Data entries
☆ ☆ ☆ ☆ ☆ ☆ ☆
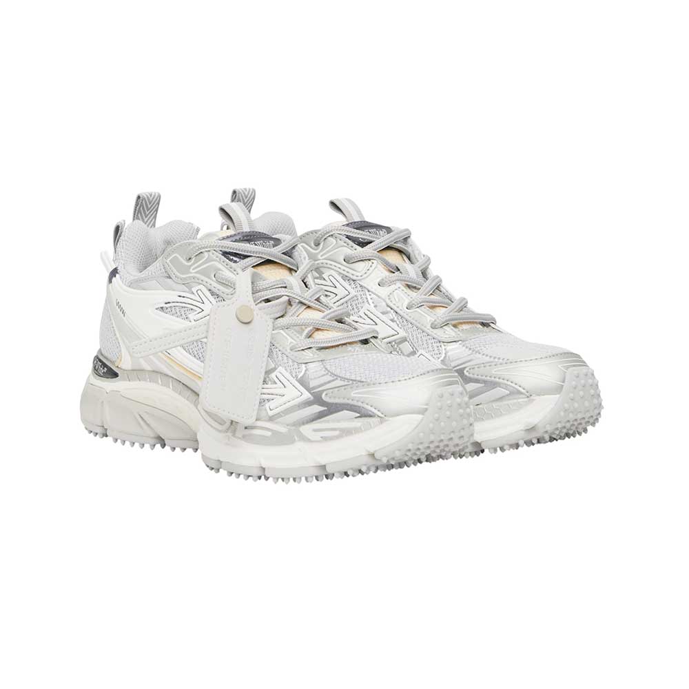 Le sneakers Off-White Be Right Back unisex combinano estetica da running e design versatile per un uso quotidiano e prestazioni elevate. Realizzate con inserti in mesh e pelle sintetica, garantiscono traspirabilità e resistenza. Il look distintivo è arricchito da molteplici loghi Off-White™ e dalla rivisitazione del celebre motivo Arrow, marcando uno stile contemporaneo e riconoscibile. Perfette per chi cerca funzionalità e carattere in un’unica calzatura.
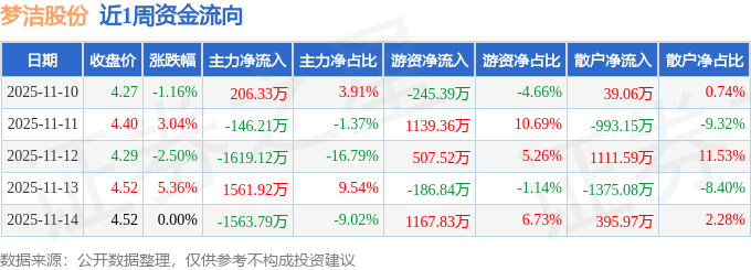 资金流向数据方面,本周梦洁股份主力资金合计净流出1560.87万元,游资资金合计净流入2382.48万元,散户资金合计净流出821.61万元。本周资金流向一览见下表:
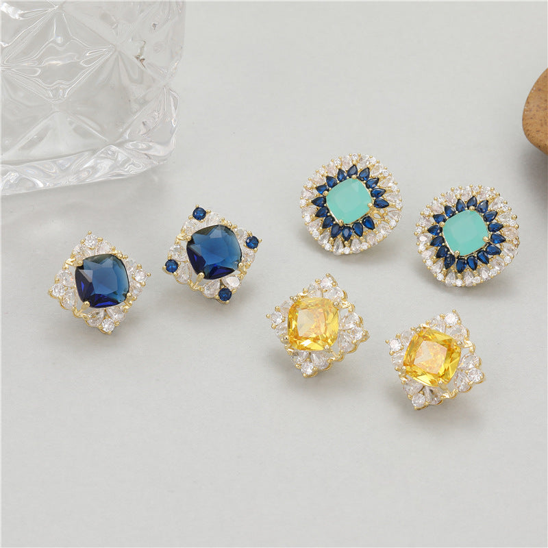 Wholesale Middle Ages Style S925 Silver Needle Earrings Blue Zirconium Stud Earrings
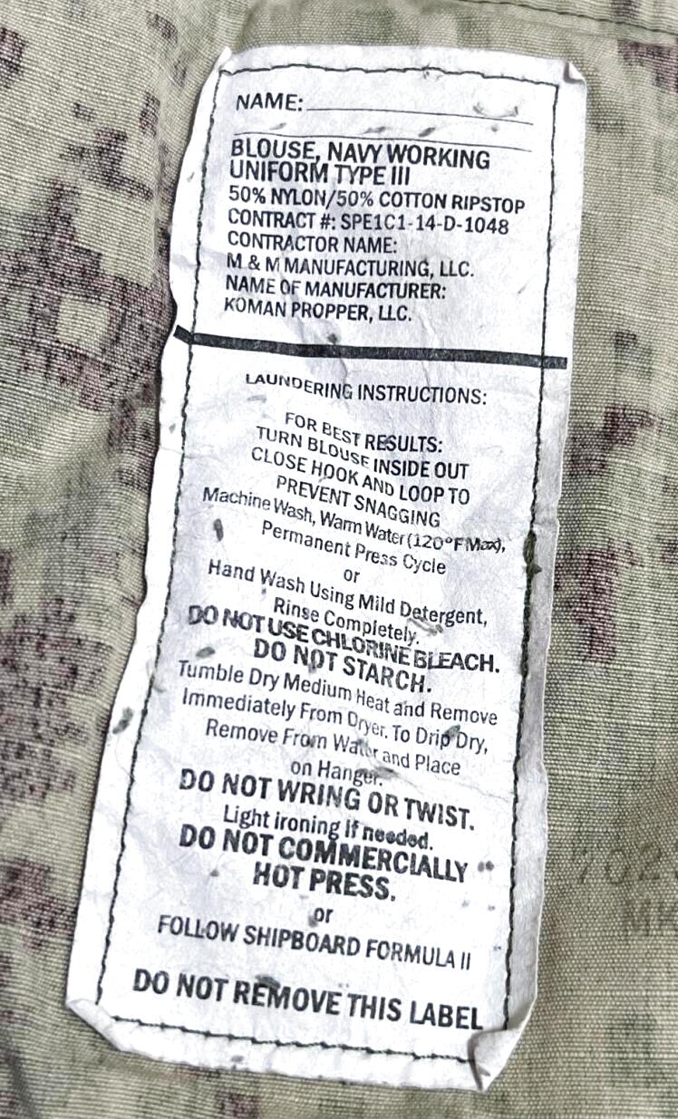 米軍実物,US NAVY, AOR2 NUW 迷彩ジャケット TYPEIII SMALL-SHORT
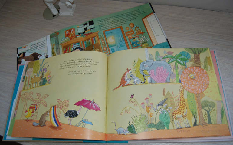 История про пантеру, которая попала в чудесный сад, в котором звери друг друга не едят и даже лев вынужден есть соевых антилоп. (Было очень жалко льва, когда читали. Вообще стало очень жалко всех зверей, которые живут в зоопарке. Потому что да, они получают еду, за ними ухаживают, но живут они в неволе... А бывает, что условия содержания плохие: клетки маленькие, еда неполноценная...) Ну вот, потом начинают пропадать звери. А пантера становится похожа на этих зверей. (Колю это очень веселило) Сначала пропала белка, потом заяц, зебра, жираф, слон и даже директор зоосада. Заканчивается история хорошо: Пантера решила выплюнуть всех, кого проглотила. И они, конечно же, живые и невредимые. А пантеру на самолете отправляют в Африку, где она радостная приступает к охоте... Для нас эта книга оказалась на раз. Конечно, она для маленьких, но дело не в этом. Лизелотта, Элмер, Груффало, Мама Му да и многие другие тоже для маленьких, но к ним возвращаемся. Эту книгу даже не просили второй раз.
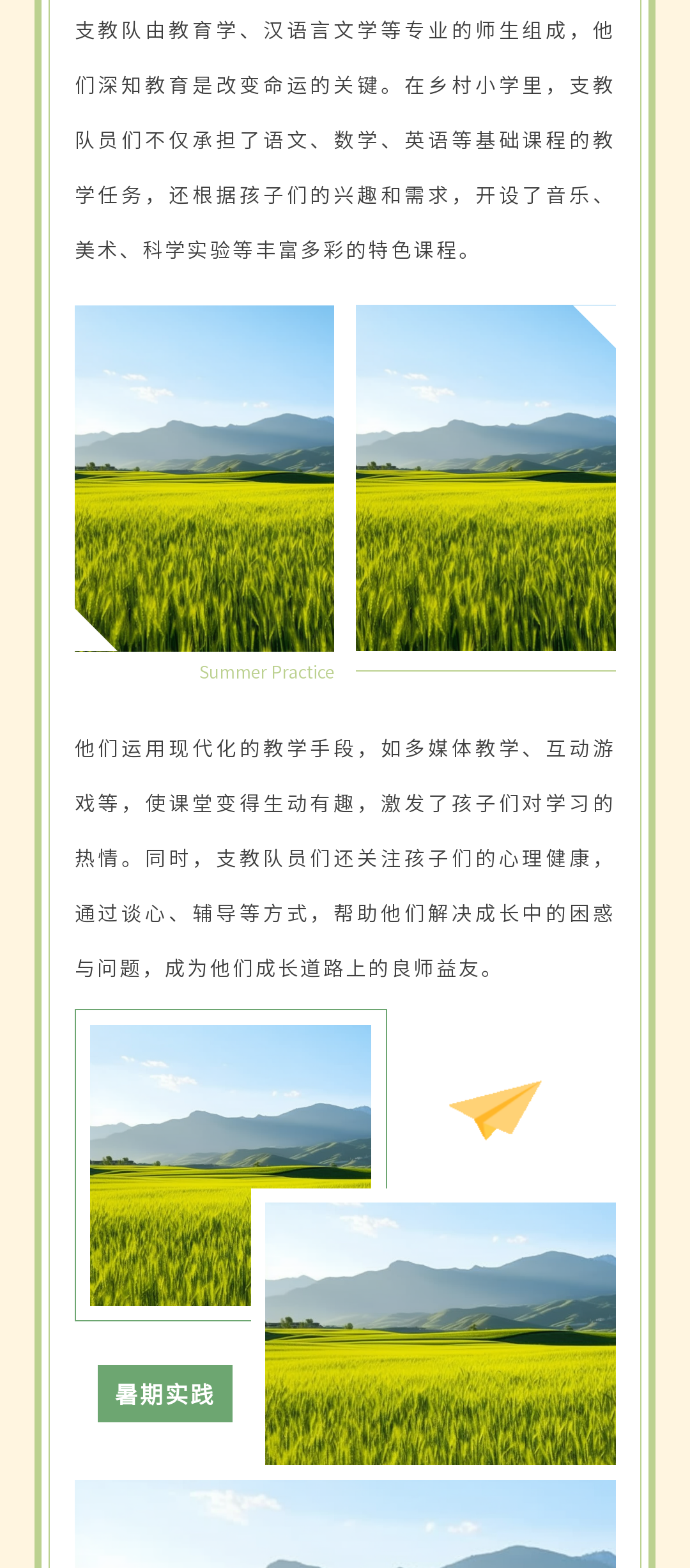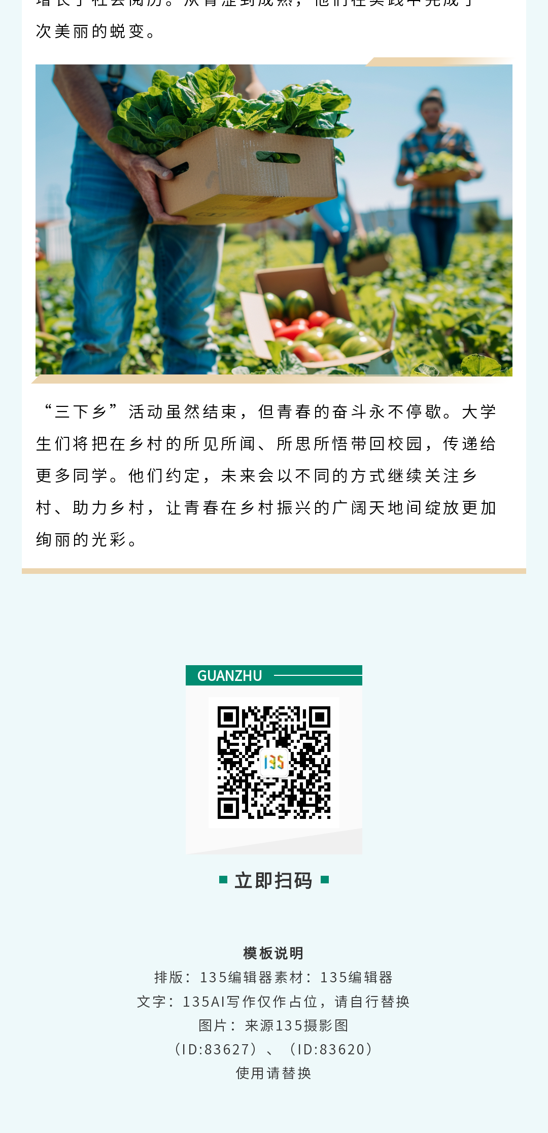 精選多款暑期社會實踐公眾號模板與排版樣式,助力高校、機(jī)構(gòu)輕松制作高質(zhì)量推文。適用于“三下鄉(xiāng)”、鄉(xiāng)村振興等主題,公眾號模板ID與使用技巧全收錄方便查找,快速提升公眾號視覺效果與傳播力。
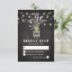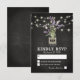 Cartões de resposta de casamento country chic com um fundo de quadro-negro de giz preto rústico, luzes de corda, um jarro de pedreiro com flores de lavanda roxa, envolto em aniagem com as iniciais do casal e um modelo de RSVP de casamento facilmente personalizável.
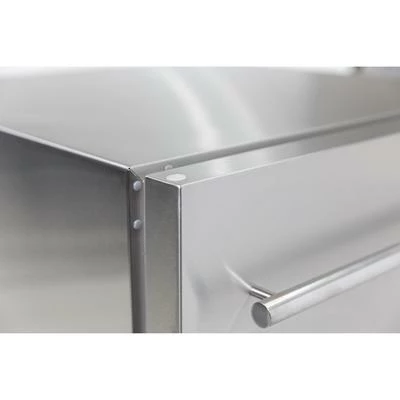 This sleek outdoor refrigeration system. Smudge-resistant stainless steel and alarm equipped, this unit is made for durability in exterior conditions and functionality in
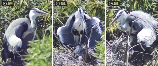 ▼폭염속 왜가리의 母情. 온종일 자신의 날개로 새끼들에게 그늘... 7월 31일 울산 태화강 대나무 숲에서 CCTV에 잡힌 모습
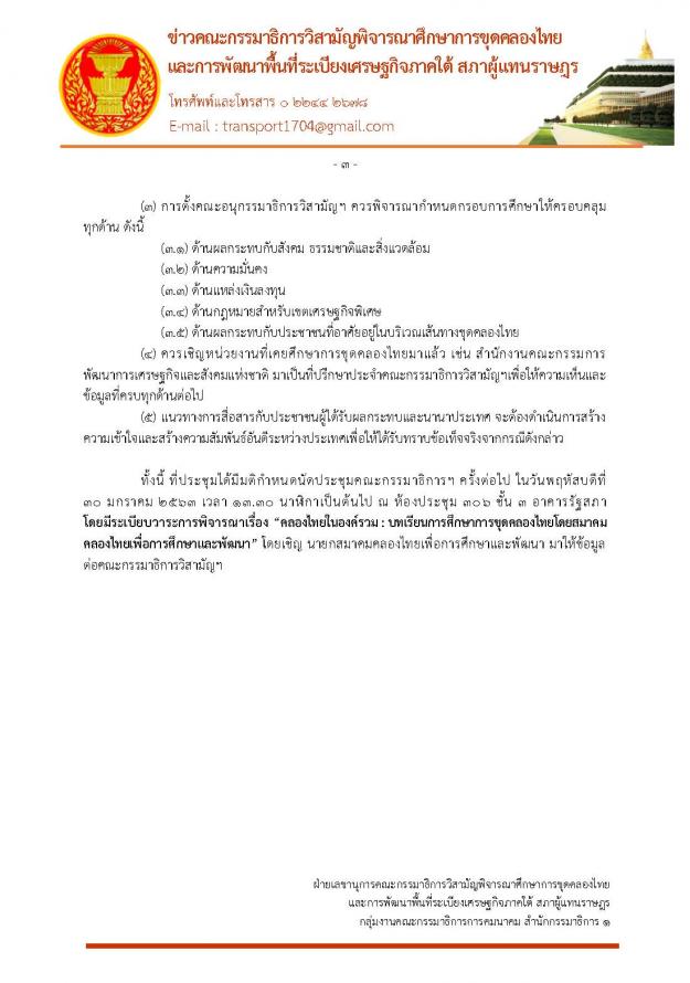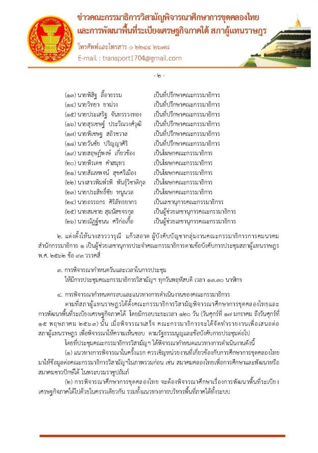 นายสัณหพจน์ สุขศรีเมือง โฆษกคณะกรรมาธิการวิสามัญพิจารณาศึกษาการขุดคลองไทย และ
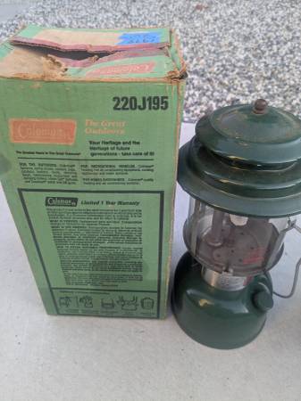 I have two older Coleman lanterns , one is 1979 and I am not sure of the other. the 1979 one comes with the box and is in very nice shape. the other has a broken globe. Twenty dollars for both....
☆ ☆ ☆ ☆ ☆ ☆ ☆
-- What you need to do --
Leaving pictures out, output the lines of the data above from the one with "资金流向数据方面,本周梦洁股" through the one with "米軍実物,US NAVY, AOR2", word for word.

-- Task response --
 资金流向数据方面,本周梦洁股份主力资金合计净流出1560.87万元,游资资金合计净流入2382.48万元,散户资金合计净流出821.61万元。本周资金流向一览见下表:
 Wholesale Middle Ages Style S925 Silver Needle Earrings Blue Zirconium Stud Earrings
 米軍実物,US NAVY, AOR2 NUW 迷彩ジャケット TYPEIII SMALL-SHORT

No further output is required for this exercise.